# EXERCISE INSTRUCTIONS
Begin at the line below that has "1、打开慕课网APP,在用户协议和隐私政策页面,点击【同意】。". Stop after the line that has "党组领导班子、党委书记202", repeating each line exactly and leaving out the pictures.

# GIVEN DATA
□ □ □ □ □ □ □
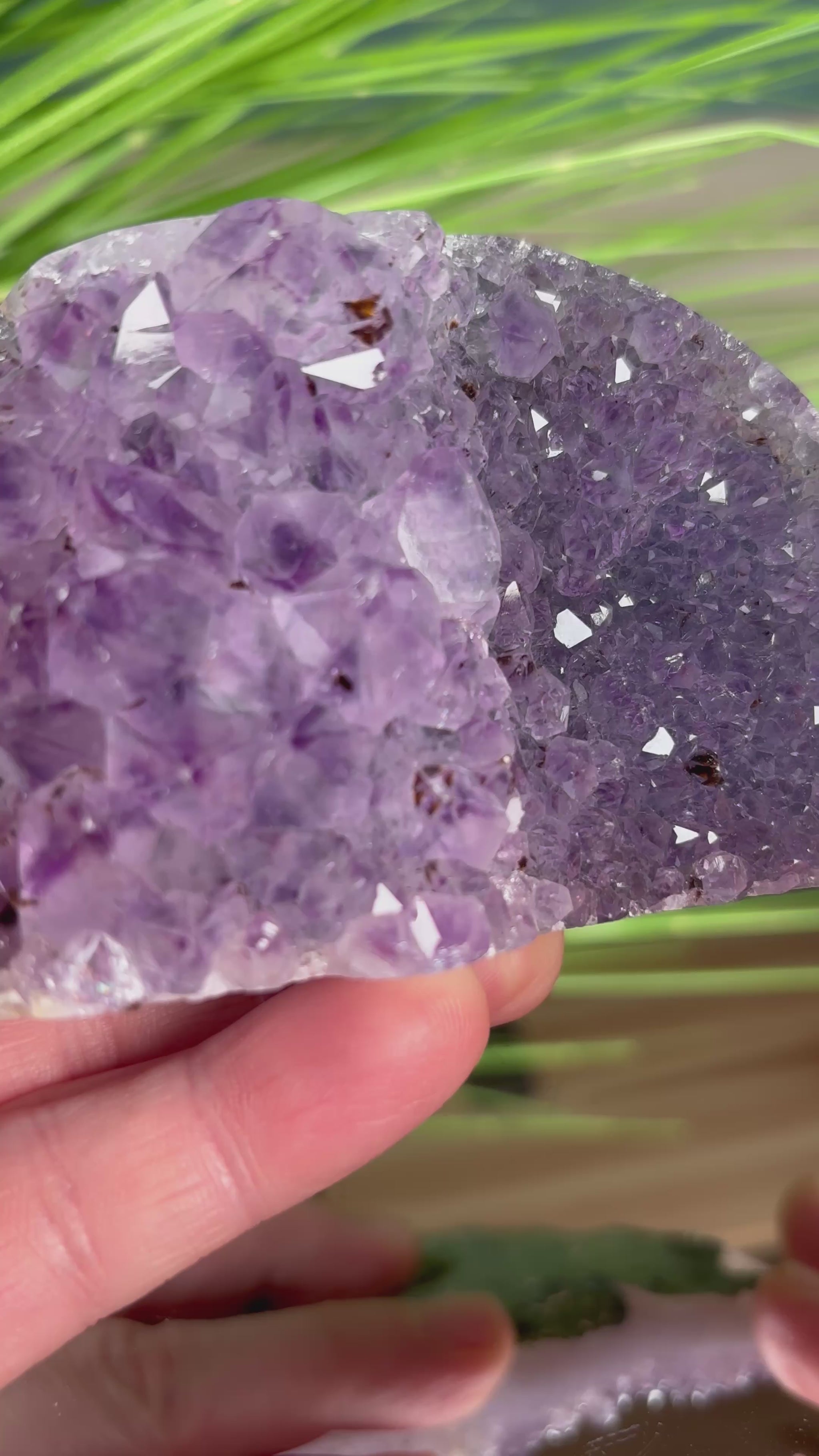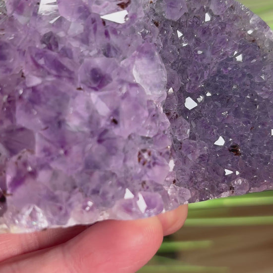 Außergewöhnliche Amethyst-Freiform mit beeindruckenden Kristallspitzen. Eine Hälfte zeigt große, markante Amethyst-Spitzen, während die andere Seite mit kleineren, funkelnden Kristallen besetzt ist – ein faszinierendes Zusammenspiel von Größe und Glanz.
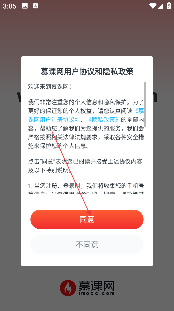 1、打开慕课网APP,在用户协议和隐私政策页面,点击【同意】。
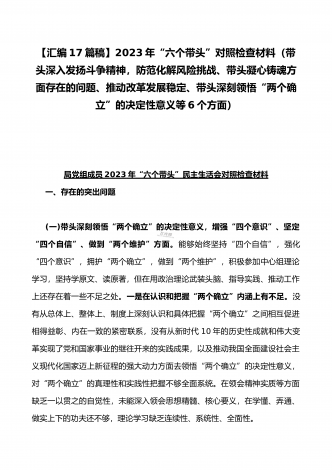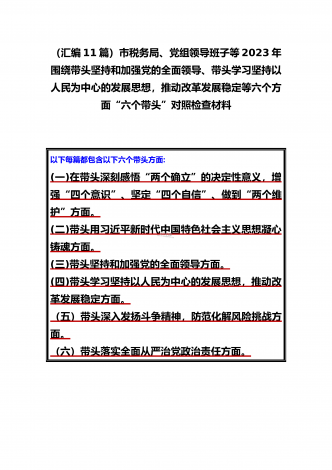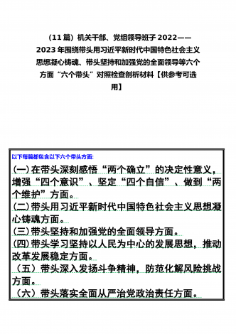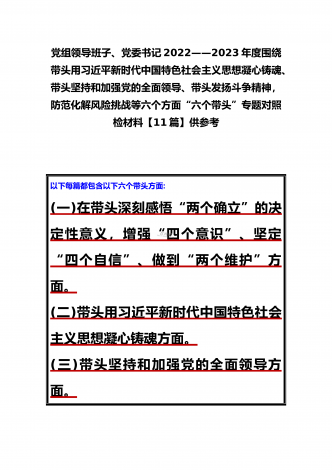 党组领导班子、党委书记2022——2023年度围绕带头用习近平新时代中国特色社会主义思想凝心铸魂、带头坚持和加强党的全面领导、带头发扬斗争精神,防范化解风险挑战等六个方面“六个带头”专题对照检材料【11篇】供参考
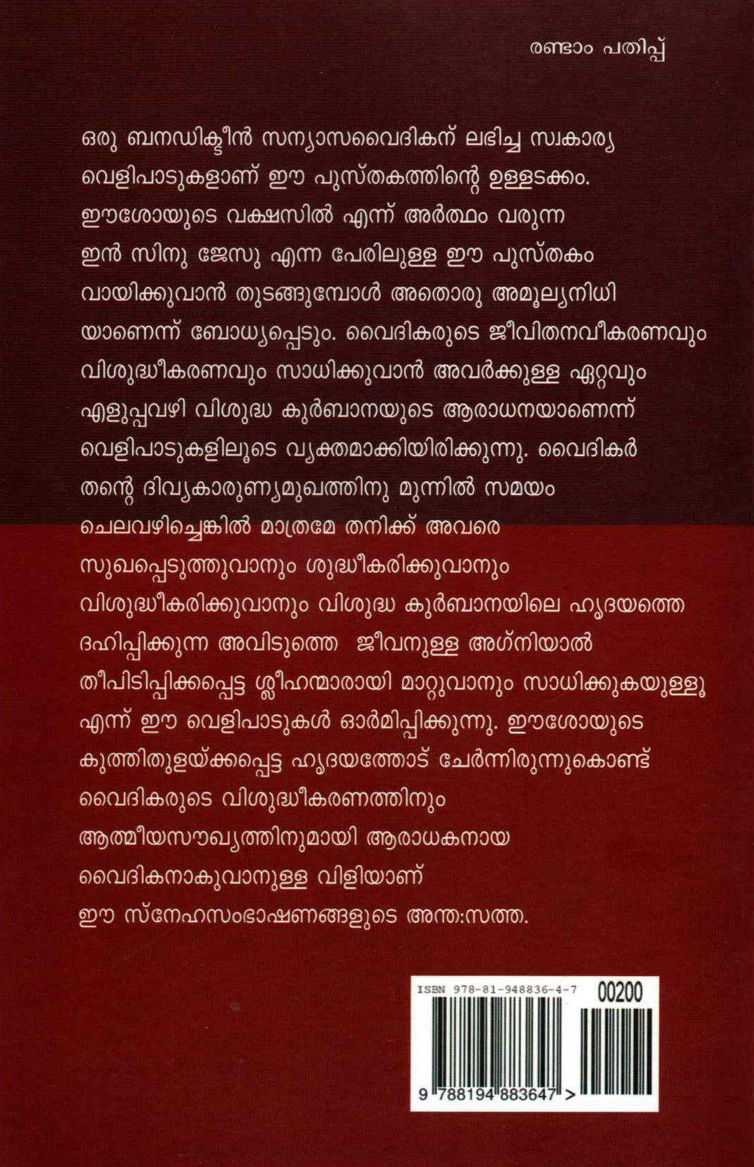 ഒരു ബനഡിക്ടീൻ സന്യാസവൈദികന് ലഭിച്ച സ്വകാര്യ വെളിപാടുകളാണ് ഈ പുസ്തകത്തിന്റെ ഉള്ളടക്കം . ഈശോയുടെ വക്ഷസിൽ എന്ന് അർത്ഥം വരുന്ന ഇൻ സിനു ജേസു എന്ന പേരിലുള്ള ഈ പുസ്തകം വായിക്കുവാൻ തുടങ്ങുമ്പോൾ അതൊരു അമൂല്യനിധി യാണെന്ന് ബോധ്യപ്പെടും . വൈദികരുടെ ജീവിതനവീകരണവും വിശുദ്ധീകരണവും സാധിക്കുവാൻ അവർക്കുള്ള ഏറ്റവും എളുപ്പവഴി വിശുദ്ധ കുർബാനയുടെ ആരാധനയാണെന്ന് വെളിപാടുകളിലൂടെ വ്യക്തമാക്കിയിരിക്കുന്നു . വൈദികർ തന്റെ ദിവ്യകാരുണ്യമുഖത്തിനു മുന്നിൽ സമയം ചെലവഴിച്ചെങ്കിൽ മാത്രമേ തനിക്ക് അവരെ സുഖപ്പെടുത്തുവാനും ശുദ്ധീകരിക്കുവാനും വിശുദ്ധീകരിക്കുവാനും വിശുദ്ധ കുർബാനയിലെ ഹൃദയത്തെ ദഹിപ്പിക്കുന്ന അവിടുത്തെ ജീവനുള്ള അഗ്നിയാൽ തീപിടിപ്പിക്കപ്പെട്ട ശ്ലീഹന്മാരായി മാറ്റുവാനും സാധിക്കുകയുള്ളൂ എന്ന് ഈ വെളിപാടുകൾ ഓർമിപ്പിക്കുന്നു . ഈശോയുടെ കുത്തിതുളയ്ക്കപ്പെട്ട ഹൃദയത്തോട് ചേർന്നിരുന്നുകൊണ്ട് വൈദികരുടെ വിശുദ്ധീകരണത്തിനും ആത്മീയസൗഖ്യത്തിനുമായി ആരാധകനായ വൈദികനാകുവാനുള്ള വിളിയാണ് ഈ സ്നേഹസംഭാഷണങ്ങളുടെ അന്തഃസത്ത
□ □ □ □ □ □ □
# ANSWER TO THE PROBLEM
 1、打开慕课网APP,在用户协议和隐私政策页面,点击【同意】。
 党组领导班子、党委书记2022——2023年度围绕带头用习近平新时代中国特色社会主义思想凝心铸魂、带头坚持和加强党的全面领导、带头发扬斗争精神,防范化解风险挑战等六个方面“六个带头”专题对照检材料【11篇】供参考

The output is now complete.